Debt Management

Ways to Help Repair Your Credit Score

A good credit score can result in a lower home mortgage rate or a car buying rate. We all try to maintain a good score. Sometimes, though, life throws us a financial curveball and that score declines. What steps can we take to help repair it?

Reduce your credit utilization ratio. Your credit utilization ratio (CUR) is the percentage of a credit card’s debt limit you have used up. Simply stated, if you have a credit card with a limit of $1,500 and you have $1,300 borrowed on it right now, the CUR for that card is 87%. Carrying lower balances on your credit cards may tilt the CUR in your favor and promotes a better credit score.
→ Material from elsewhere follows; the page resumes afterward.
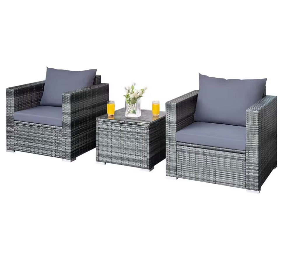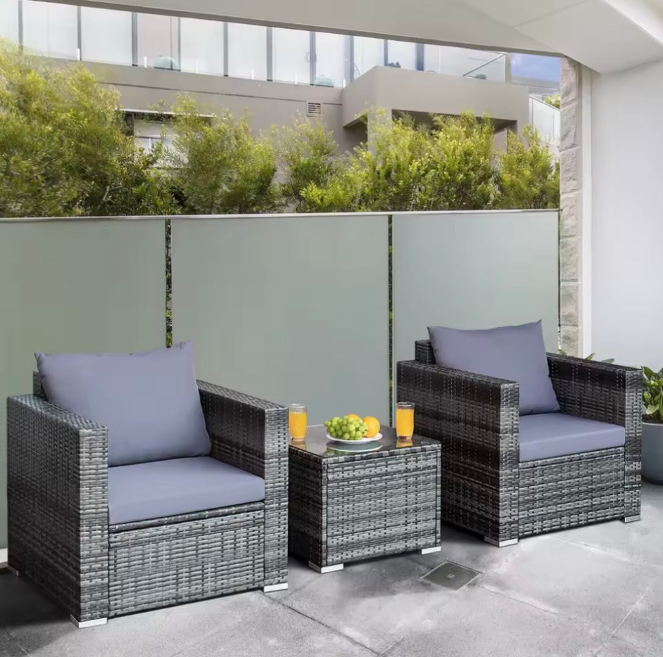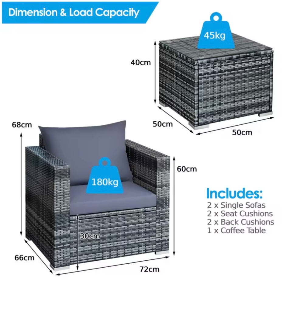 Material: Steel, Rattan, Tempered Glass, Sponge

Review your credit reports for errors. You are entitled to receive one free credit report per year from each of the three major U.S. credit reporting agencies – Equifax, Experian, and TransUnion. You might as well request a report from all three at once. As the federal government’s Consumer Financial Protection Bureau notes, you can do this at annualcreditreport.com. About 20% of credit reports contain mistakes. Upon review, some borrowers spot credit card fraud; some notice botched account details or identity errors. At its website, the CFPB offers sample letters and instructions you can use to dispute errors.

Behavior makes a difference. Credit card issuers, lenders, and credit agencies believe that payment history paints a reliable picture of future borrower behavior. Whether you pay off your balance in full, whether you routinely max out your account each month, the age of your account – these are also factors affecting that portrait.
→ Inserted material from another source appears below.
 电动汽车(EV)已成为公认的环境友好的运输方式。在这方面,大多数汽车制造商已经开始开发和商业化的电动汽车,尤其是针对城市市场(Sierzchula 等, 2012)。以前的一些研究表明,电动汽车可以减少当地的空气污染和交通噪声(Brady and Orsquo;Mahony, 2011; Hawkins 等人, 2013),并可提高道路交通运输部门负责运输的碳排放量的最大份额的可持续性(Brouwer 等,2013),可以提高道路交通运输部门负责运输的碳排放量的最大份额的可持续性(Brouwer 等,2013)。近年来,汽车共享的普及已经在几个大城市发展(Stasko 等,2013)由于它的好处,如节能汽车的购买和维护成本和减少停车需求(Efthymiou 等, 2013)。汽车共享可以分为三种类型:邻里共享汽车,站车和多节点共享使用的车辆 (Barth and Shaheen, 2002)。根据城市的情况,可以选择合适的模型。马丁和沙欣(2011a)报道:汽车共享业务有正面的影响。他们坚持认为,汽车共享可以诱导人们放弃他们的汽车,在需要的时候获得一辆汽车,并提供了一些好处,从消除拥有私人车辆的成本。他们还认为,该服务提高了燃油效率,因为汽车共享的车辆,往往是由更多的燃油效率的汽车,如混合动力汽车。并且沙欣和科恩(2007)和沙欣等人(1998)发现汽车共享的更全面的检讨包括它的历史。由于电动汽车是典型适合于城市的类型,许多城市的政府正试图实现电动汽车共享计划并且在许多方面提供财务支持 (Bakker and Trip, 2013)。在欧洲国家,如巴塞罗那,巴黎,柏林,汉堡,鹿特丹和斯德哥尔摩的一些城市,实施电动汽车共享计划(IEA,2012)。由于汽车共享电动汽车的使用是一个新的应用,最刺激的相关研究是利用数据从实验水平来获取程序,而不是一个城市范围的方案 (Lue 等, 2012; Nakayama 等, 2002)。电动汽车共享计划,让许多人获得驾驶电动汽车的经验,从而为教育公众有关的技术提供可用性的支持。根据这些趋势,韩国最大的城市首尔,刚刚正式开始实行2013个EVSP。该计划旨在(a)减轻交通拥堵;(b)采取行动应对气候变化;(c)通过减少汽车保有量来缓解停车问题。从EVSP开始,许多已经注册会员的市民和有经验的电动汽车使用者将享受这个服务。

Think about getting another credit card. Your CUR is calculated across all your credit card accounts, in respect to your total monthly borrowing limit. So, if you have a $1,200 balance on a card with a $1,500 monthly limit and you open two more credit card accounts with $1,500 monthly limits, you will markedly lower your CUR in the process. There are potential downsides to this move – your credit card accounts will have lower average longevity, and the issuer of the new card will, of course, look at your credit history.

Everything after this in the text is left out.